以前、介護保険施設ではない有料老人ホーム等での介護サービスの提供は施設サービスではなく居宅サービスの提供となる点について少し触れましたが、今回は特定施設入居者生活介護について少し詳しくまとめてみます。
特定施設入居者生活介護とは、特定施設でケアプランに基づいて入浴、排せつ、食事等の介護サービスを提供することを言います。
ここで、特定施設とは、(介護付)有料老人ホーム、養護老人ホーム、軽費老人ホームを言います。なお、サービス付き高齢者向け住宅(サ高住)のうち(介護付)有料老人ホームに該当するものも特定施設となります。
特定施設入居者生活介護では、施設で介護サービスの提供を受けながら、居宅サービスとして介護保険の適用が受けられます。
施設での介護サービスが居宅サービスとして介護保険適用となる事例は、これ以外に特別養護老人ホーム(特養)・介護老人保健施設(老健)でのショートステイや地域密着型サービスにおける施設でのサービス提供があります。

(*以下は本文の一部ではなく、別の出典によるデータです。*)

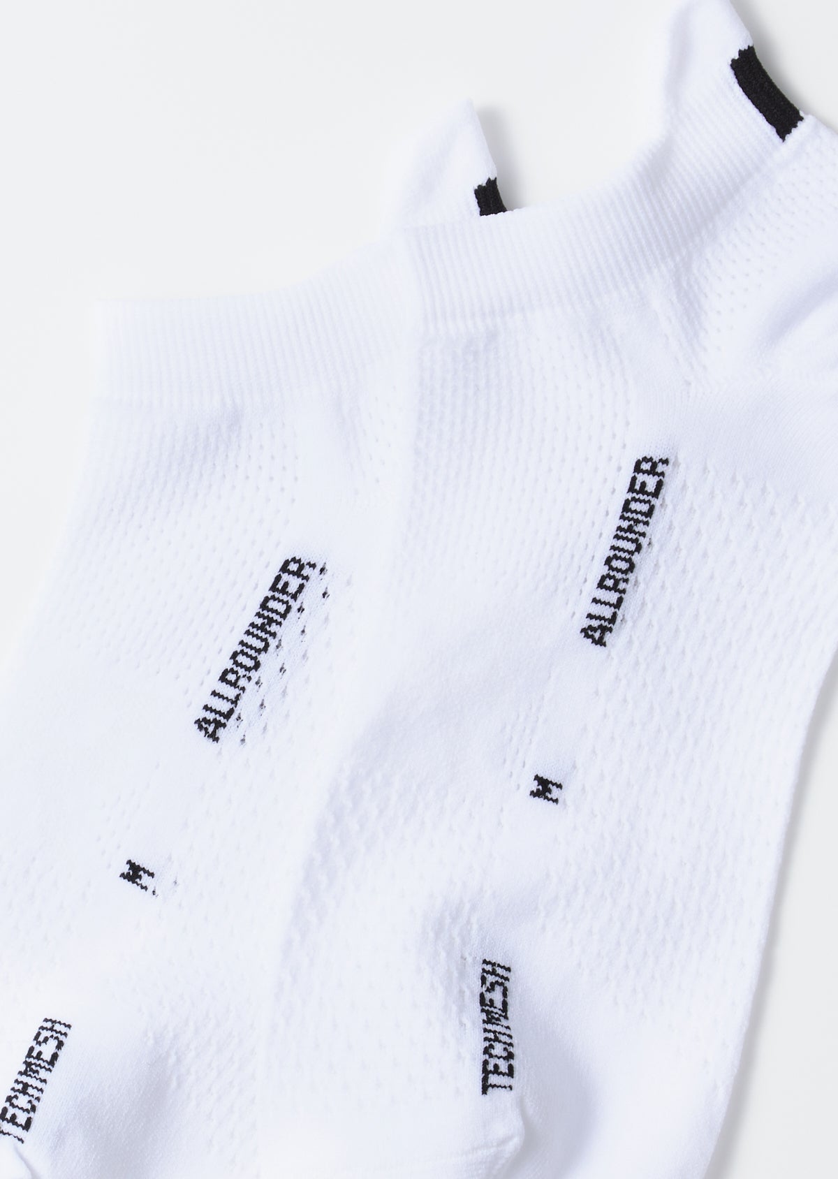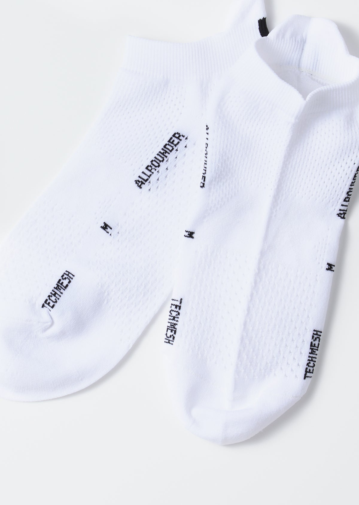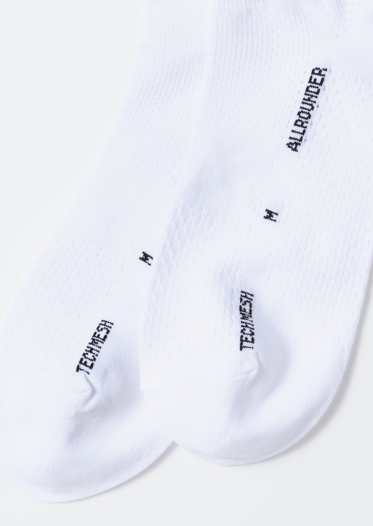 "ALLROUNDER" の通気性に優れた新シリーズ「TECH-MESH」。特殊な編み機によるメッシュ編みが、足のムレを軽減します。水に濡れても乾きが早く、軽量なのでサマーシーズンのアウトドア・アクティビティや旅行にもぴったり。ベースには、ソフトタッチでしなやかなポリエステル糸「SOLOTEX」を使用しています。また、汗から出るニオイを無臭成分化させる消臭機能糸を一緒に編み立てることで、気になる足のニオイも軽減。"NO SHOW"タイプはKEEN・UNEEK やHOKA ONE ONE・HOPARAなどと相性の良い丈感です。

(介護付)有料老人ホーム等でのサービス提供は、通常、施設ではなく在宅という取扱になるため、介護保険サービスの提供を受けるためには、外部の通所介護や訪問介護の事業所を利用する必要があります。
しかし、特定施設入居者生活介護の指定を受けた(介護付)有料老人ホーム等では、入浴、排せつ、食事等の介護サービスが包括的に提供されます。
このように特定施設入居者生活介護の指定を受けている施設に入居することで、他の施設のサービス提供を受けることなく、24時間体制で必要な介護を受けることができるというメリットがあります。
また、1日単位での介護サービス費という形で一定額が設定されているため常時介護が必要な利用者にとっては、費用面でのメリットもあります。
特定施設入居者生活介護の介護保険が適用されるのは、特定施設入居者生活介護の指定を受けた施設で要介護1~5の利用者がサービス提供を受ける場合となります。
最後に、養護老人ホームと特別養護老人ホーム(特養)が出てきましたが、言葉は似ていてもその対象・目的等は全く違うため、参考までに以下で詳述します。
養護老人ホームは、生活環境や経済的に困窮した高齢者を養護して社会復帰させる施設で、介護からは自立した状態にある高齢者が対象となっており、市町村が対象者の調査を行って入居を決定します。
特別養護老人ホーム(特養)は、中程度以上の要介護者に介護を提供する施設で、原則として要介護3以上の高齢者が対象となっており、要介護者自身や介護者などの意思で入居を決定します。
特別養護老人ホーム(特養)は介護保険サービス(主に施設サービス)として認められていますが、養護老人ホームは介護や看護を目的とした施設ではなく施設が契約する外部の介護サービス提供事業者により介護保険サービス(居宅サービス)が提供されることになります。
特別養護老人ホーム(特養)への入居が待機待ちであるという現状を考慮し、要介護者にとって(介護付)有料老人ホームでも包括的な介護保険サービスが受けられる特定施設入居者生活介護という制度はありがたいですね!